◆ INFORMATION PROVIDED ◆
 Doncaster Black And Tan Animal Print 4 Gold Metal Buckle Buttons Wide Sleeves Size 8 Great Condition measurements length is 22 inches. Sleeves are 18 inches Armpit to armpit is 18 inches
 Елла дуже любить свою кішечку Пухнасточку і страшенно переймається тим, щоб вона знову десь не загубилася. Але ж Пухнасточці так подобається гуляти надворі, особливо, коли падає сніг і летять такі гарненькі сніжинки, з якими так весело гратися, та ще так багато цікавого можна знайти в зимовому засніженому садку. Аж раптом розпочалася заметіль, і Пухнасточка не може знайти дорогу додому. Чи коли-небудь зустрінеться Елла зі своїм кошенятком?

* * *

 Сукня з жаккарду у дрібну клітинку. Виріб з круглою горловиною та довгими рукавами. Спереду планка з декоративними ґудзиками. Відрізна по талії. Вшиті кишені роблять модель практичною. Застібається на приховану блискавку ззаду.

--

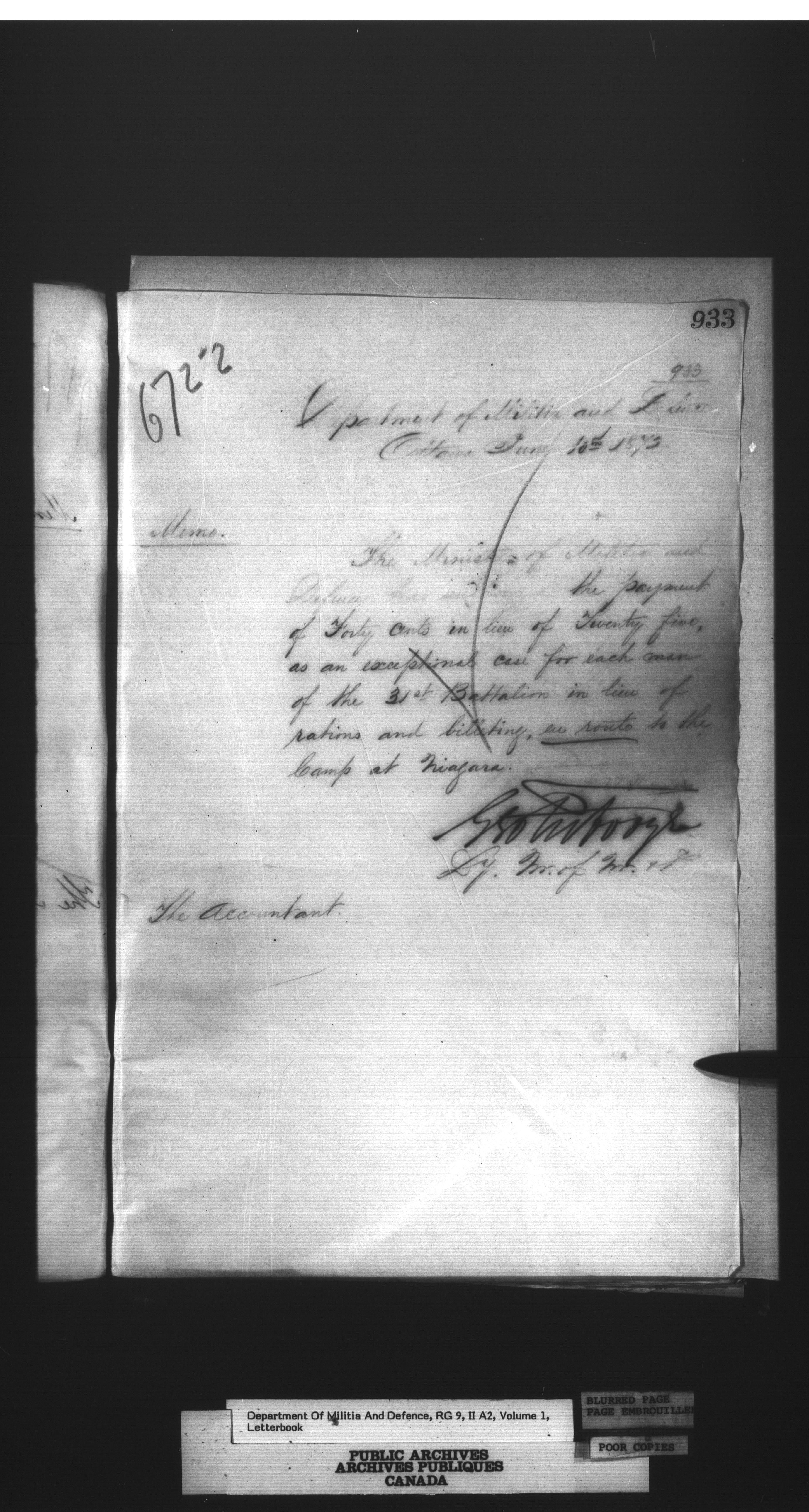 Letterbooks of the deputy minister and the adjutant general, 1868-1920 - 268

◆ WHAT YOU NEED TO DO ◆
Everything from the line with "Doncaster Black And" through the line with "Елла дуже любить" in the listing above must be retyped exactly, with nothing added.

◆ ANSWER SPACE ◆
 Doncaster Black And Tan Animal Print 4 Gold Metal Buckle Buttons Wide Sleeves Size 8 Great Condition measurements length is 22 inches. Sleeves are 18 inches Armpit to armpit is 18 inches
 Елла дуже любить свою кішечку Пухнасточку і страшенно переймається тим, щоб вона знову десь не загубилася. Але ж Пухнасточці так подобається гуляти надворі, особливо, коли падає сніг і летять такі гарненькі сніжинки, з якими так весело гратися, та ще так багато цікавого можна знайти в зимовому засніженому садку. Аж раптом розпочалася заметіль, і Пухнасточка не може знайти дорогу додому. Чи коли-небудь зустрінеться Елла зі своїм кошенятком?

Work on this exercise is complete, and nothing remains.